It was stated by some Conservative Party backbench MPs that the secret intent of the Conservative government was to restore a single citizenship with full rights across the United Kingdom and the British Dependent Territories once Hong Kong and its British Dependent Territories Citizens had been returned to the People's Republic of China in 1997. By that time, the Labour Party was in government with Tony Blair as Prime Minister. Labour had decried discrimination against the people of the British Dependent Territories (other than those of Gibraltar and the Falklands), which was understood universally as intended to raise a colour bar, and had done so given that most white colonials were not affected by it, and had made restoration of a single citizenship part of its election manifesto.

In 2002, when the British Dependent Territories became the British Overseas Territories, the default citizenship was renamed British Overseas Territories Citizenship (except still for Gibraltar and the Falkland Islands, for which British Citizenship remained the default), the immigration bars against its holders were lowered, and its holders were also entitled to obtain British Citizenship by obtaining a second British Passport (something that had previously been illegal) with the citizenship so indicated. As British Overseas Territories Citizens must provide their British Passport with the citizenship shown as British Overseas Territories Citizen in order to prove their entitlement to obtain a passport with the citizenship shown as British Citizen, most now have two passports, though the local governments of the territories do not distinguish an individual's local status based on either form of citizenship, and the passport with the citizenship shown as British Citizen consequently shows the holder to be entitled to all of the same right as does the passport with the citizenship shown as British Overseas Territories Citizen, and is often required to access services in the United Kingdom, and is accepted by the immigration authorities of more foreign countries, many of which have barriers against holders of British Overseas Territories Citizen passport holders that do not apply to British Citizen passport holders (the exception being the United States in relation to Bermuda, with which it has retained close links since Bermuda was founded as an extension of Virginia).

In regard to movement within British sovereign territory, only British citizenship grants the right of abode in a specific country or territory, namely, the United Kingdom proper (which includes its three Crown dependencies). Individual overseas territories have legislative independence over immigration, and consequently, BOTC status, as noted above, does not automatically grant the right of abode in any of the territories, as it depends on the territory's immigration laws. A territory may issue belonger status to allow a person to reside in the territory that they have close links with. The governor or immigration department of a territory may also grant the territorial status to a resident who does not hold it as a birthright.

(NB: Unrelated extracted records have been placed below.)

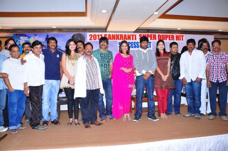 Ravi Teja, Deeksha Seth, Richa Gangopadyaya at Mirapakay success meet held at hotel Taj Deccan. Ramesh Reddy, Ram Prasad, Ali, Suneel, Thaman, Goutham Raju, Brahmaji too attended this event.
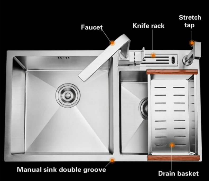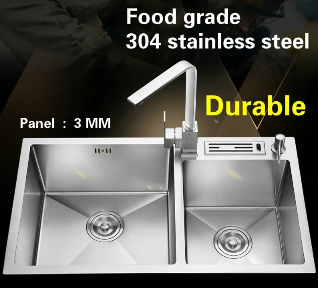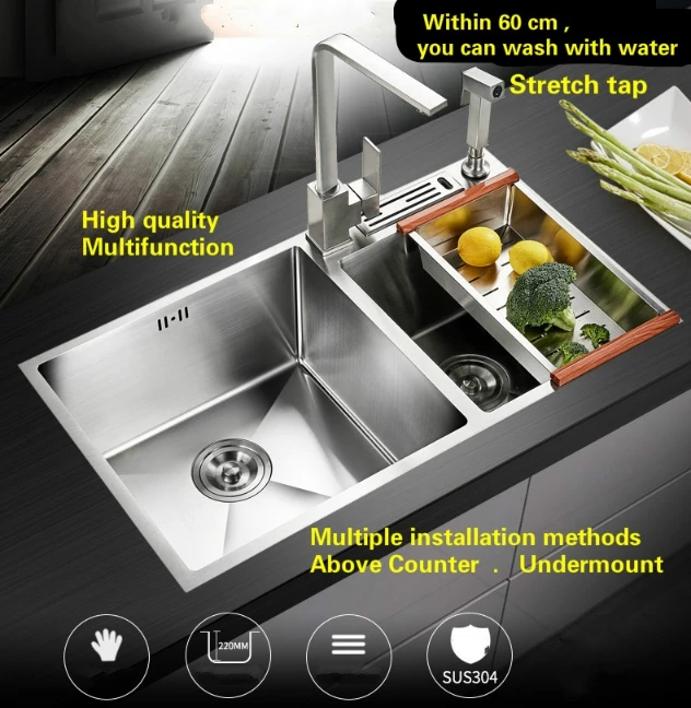 Best . (0% Off) Buy Free Shipping Home Durable 304 Stainless Steel Wash Vegetables Small Kitchen Manual Sink Double Groove High Quality 750x430 MM Price Online.
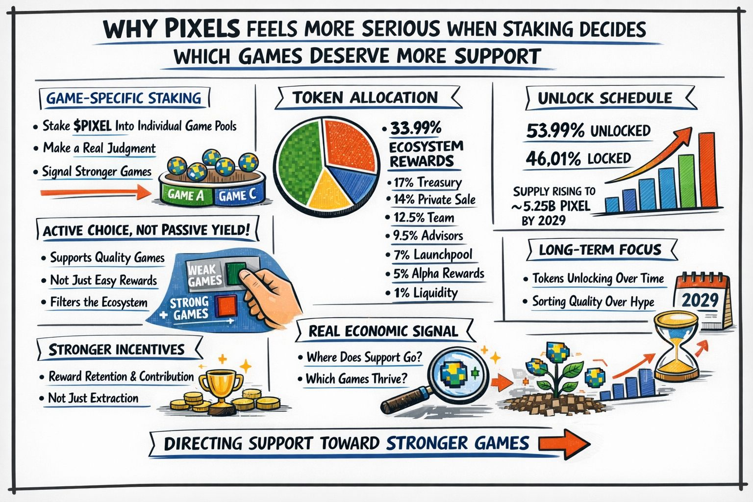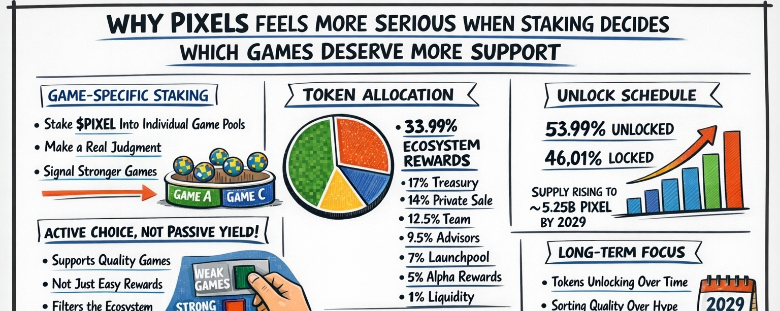 That is why my interest in Pixels is less about one trade and more about the logic underneath the system. I get more interested when a token stops acting like a passive reward machine and starts forcing an ecosystem to reveal what it actually values. In Pixels, the combination of a large ecosystem rewards bucket, a long unlock schedule, and game-specific staking pools all point to the same question: can this ecosystem direct more support toward the games that genuinely strengthen it?
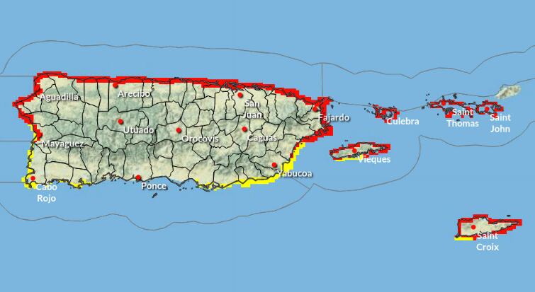 Un aviso de resacas fuertes y de inundaciones costeras permanece en efecto. Olas rompientes de 15 a 20 pies han de esperarse en Culebra, Vieques y el norte de Puerto Rico, incluyendo a Aguada y Rincón. Se espera oleaje de 12 a 15 pies en aguas del Atlántico y los pasajes. Se esperan condiciones peligrosas y amenazantes a la vida en estas áreas. Se debe ejercer precaución y mucho juicio de tener planes cerca del agua.
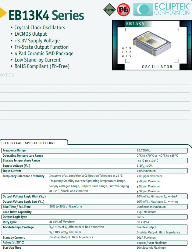 | EB13K4G2H-32.768K | CMOS | 3.3Vdc | SMD 2.5mm x 3.2mm | ±100ppm | -40°C to +85°C | 50 ±5(%) | ±5ppm |
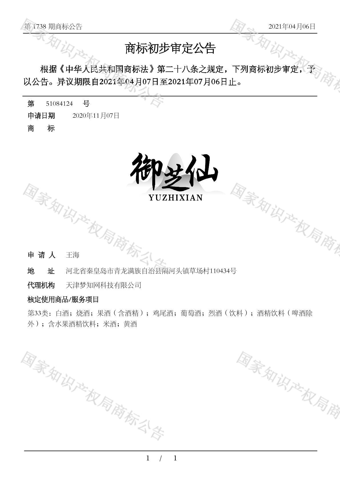 您当前位置:首页商标转让33类商标御芝仙
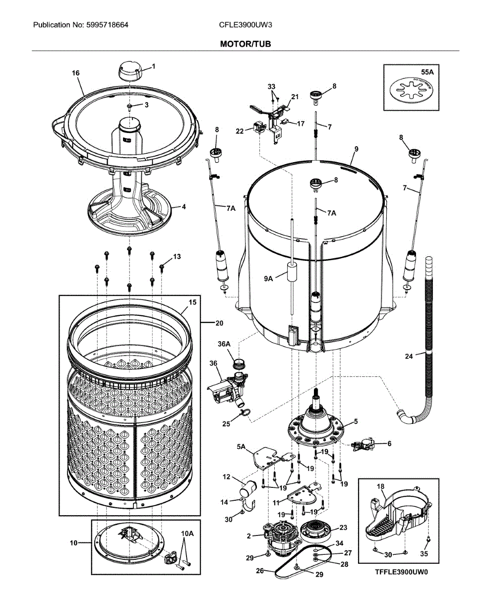 Parts for Frigidaire CFLE3900UW3: Motor / Tub Parts
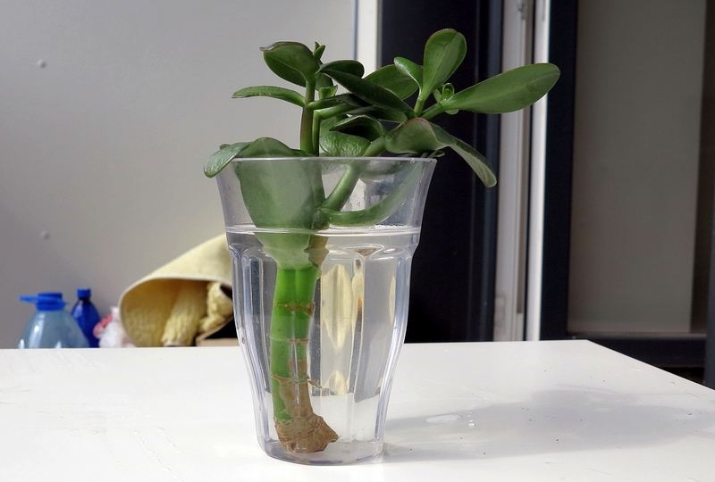 Размножаването и вкореняването на мазна жена чрез резници във вода е както следва:
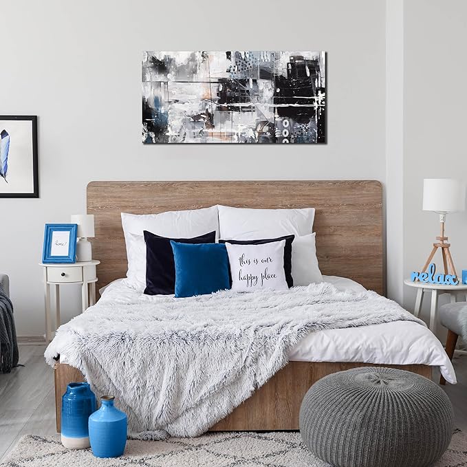 Abstract Art Wall Decor Office - Black And White Pictures Wall Art for Living Room - Modern Prints Wall Art Bedroom Size 20" x 40"
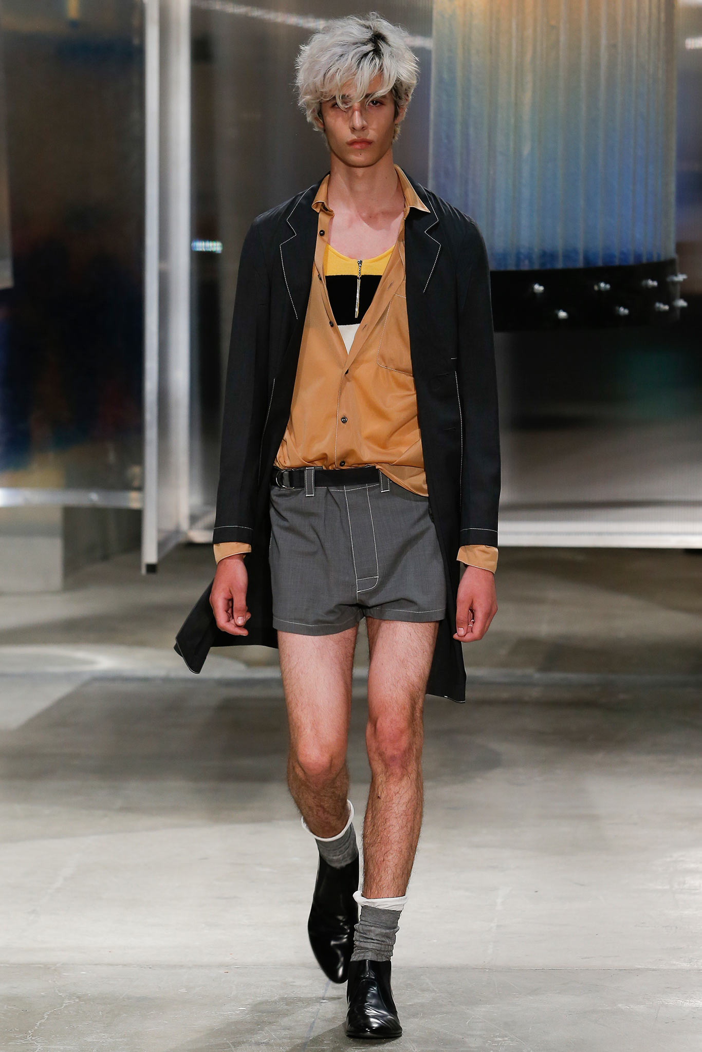Youth and naive were the main keywords behind the recent Prada collection for men (and women). Miuccia Prada made everybody confused this time, bringing on the wardrobe of messy, skinny boys, which wear over-sized socks, “poor looking” sweatshirts and turlenecks-under-shirts. I am not just uncertain about what it all means (the rabbits and rockets on knitwears, the post-Soviet attitude kept all around these clothes), but whether I actually like or dislike the collection, as Prada bases her ideas on the power of ‘ugly’, transforming it into something strangely desirable. By that, I mean the clothes from SS16 are not beautiful at all – they are definitely ugly. The way the models wore the jackets; the perverse short shorts; even the creepy colour palette made it all look like a wardrobe of a crusty. It felt like seeing a Gosha Rubchinkiy show, but sponsored by a major luxury house.
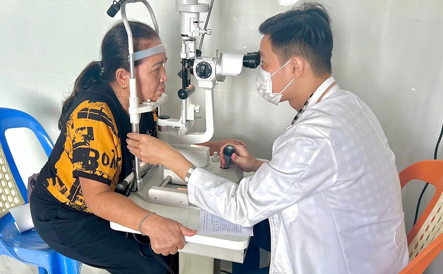 Bác sĩ khám mắt cho một NCT trên địa bàn khu vực Bù Đăng.
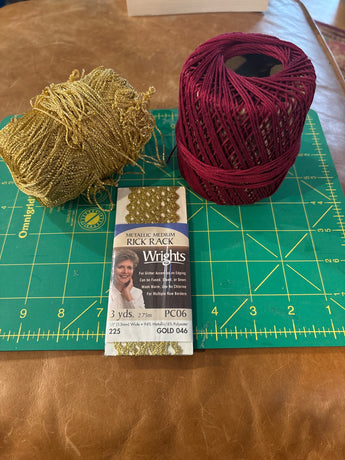 Gold and cranberry sewing thread
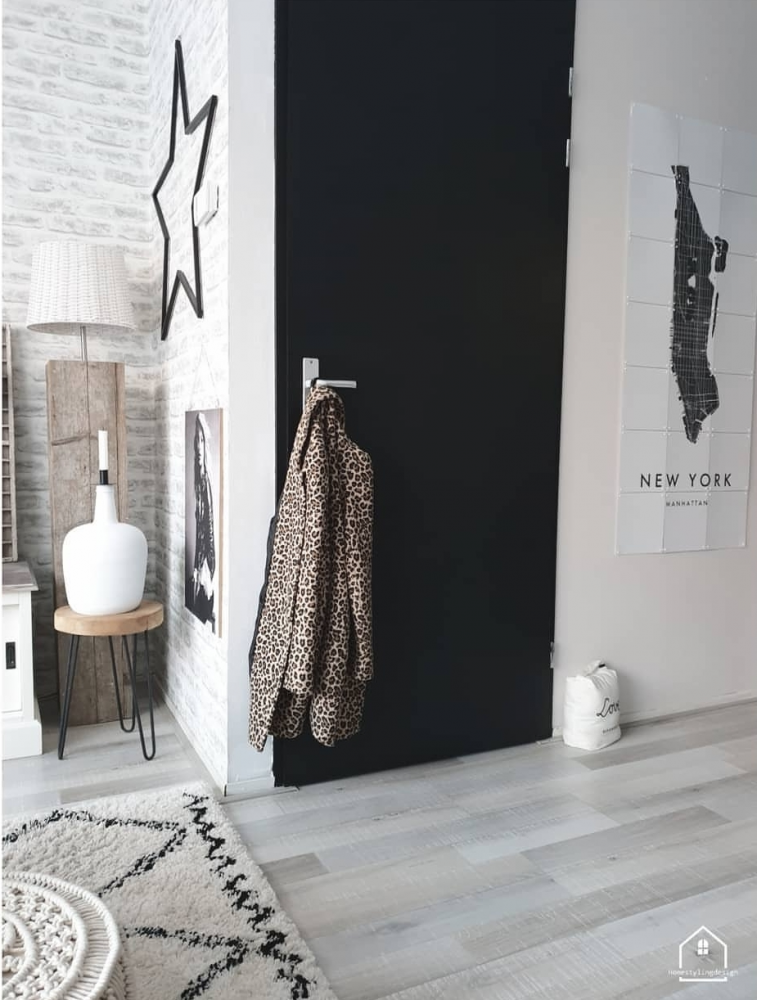Natuurlijk hebben we geen Jan de Bouvrie huis, dat zou ik te steriel vinden. Ik durf gelukkig ook veel, ook met kleur op de muur of behang of onze eettafel stoelen. Zo heb ik onze schuifpui, de kozijnen, binnendeuren en trap mat zwart geverfd.
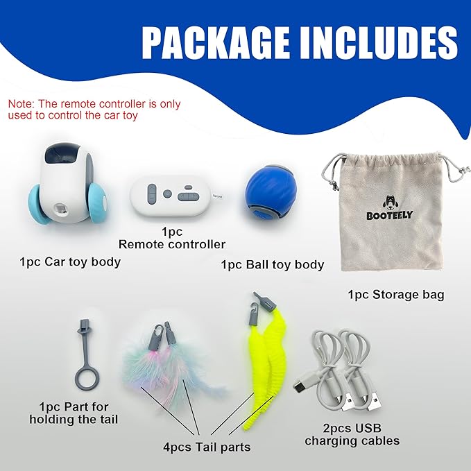 - What is in the cat toy pack: The set includes a interactive mice car cat toy with 2 types of feathers and a remote controller, a smart speedy sprint ball cat toy with 2 types of speedy tails, the charging cables, a specification, a storage bag and other parts. Both toys for cats and dogs are designed to make pets chase and hunt so that the toys can prevent boredom of pets, keep them busy, especially when the owners are not around pets
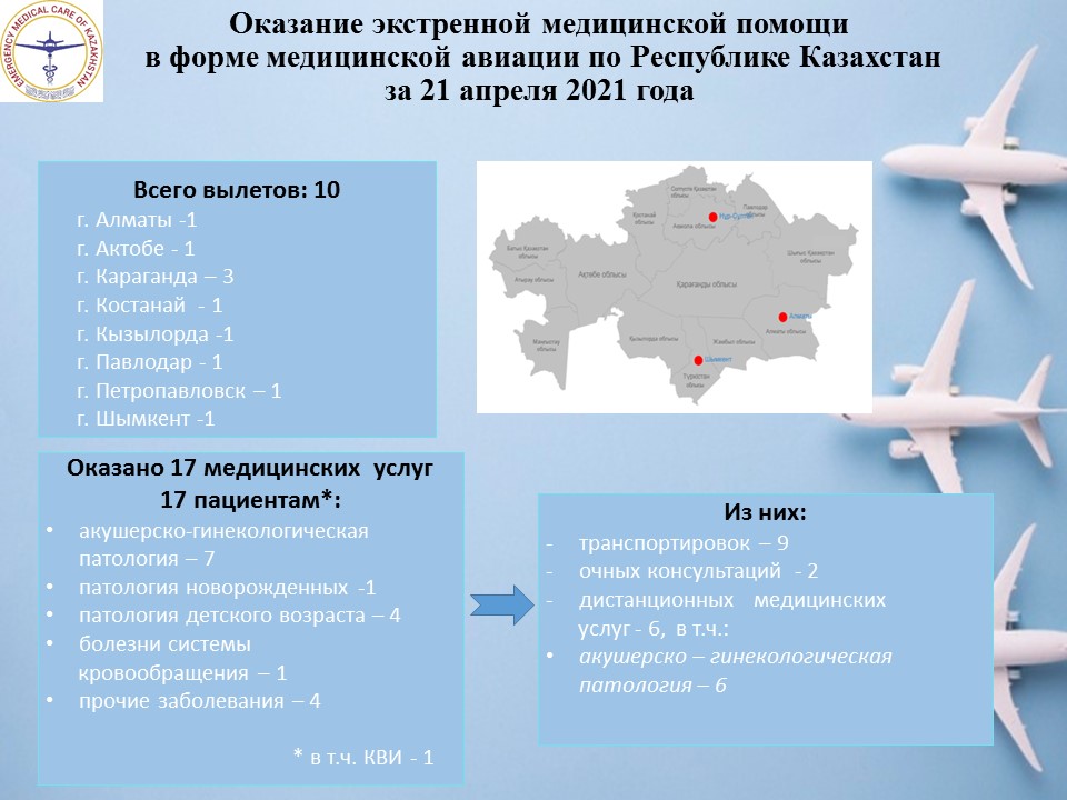 Оказание экстренной медицинской помощи в форме медицинской авиации по Республике Казахстан за 21 апреля 2021 года

From 1949 to 1983, the nationality status of Citizenship of UK and Colonies (CUKC) was shared by residents of the UK proper and residents of overseas territories, although most residents of overseas territories lost their automatic right to live in the UK after the ratification of Commonwealth Immigrants Act 1968 that year unless they were born in the UK proper or had a parent or a grandparent born in the UK. In 1983, CUKC status of residents of overseas territories without the right of abode in the UK was replaced by British Dependent Territories citizenship (BDTC) in the newly minted British Nationality Act 1981, a status that does not come with it the right of abode in the UK or any overseas territory. For these residents, registration as full British citizens then required physical residence in the UK proper. There were only two exceptions: Falkland Islanders, who were automatically granted British citizenship and was treated as a part of the UK proper through the enactment of British Nationality (Falkland Islands) Act 1983 due to the Falklands War with Argentina, and Gibraltarians who were given the special entitlement to be registered as British citizens upon request without further conditions because of its individual membership in the European Economic Area and the European Community.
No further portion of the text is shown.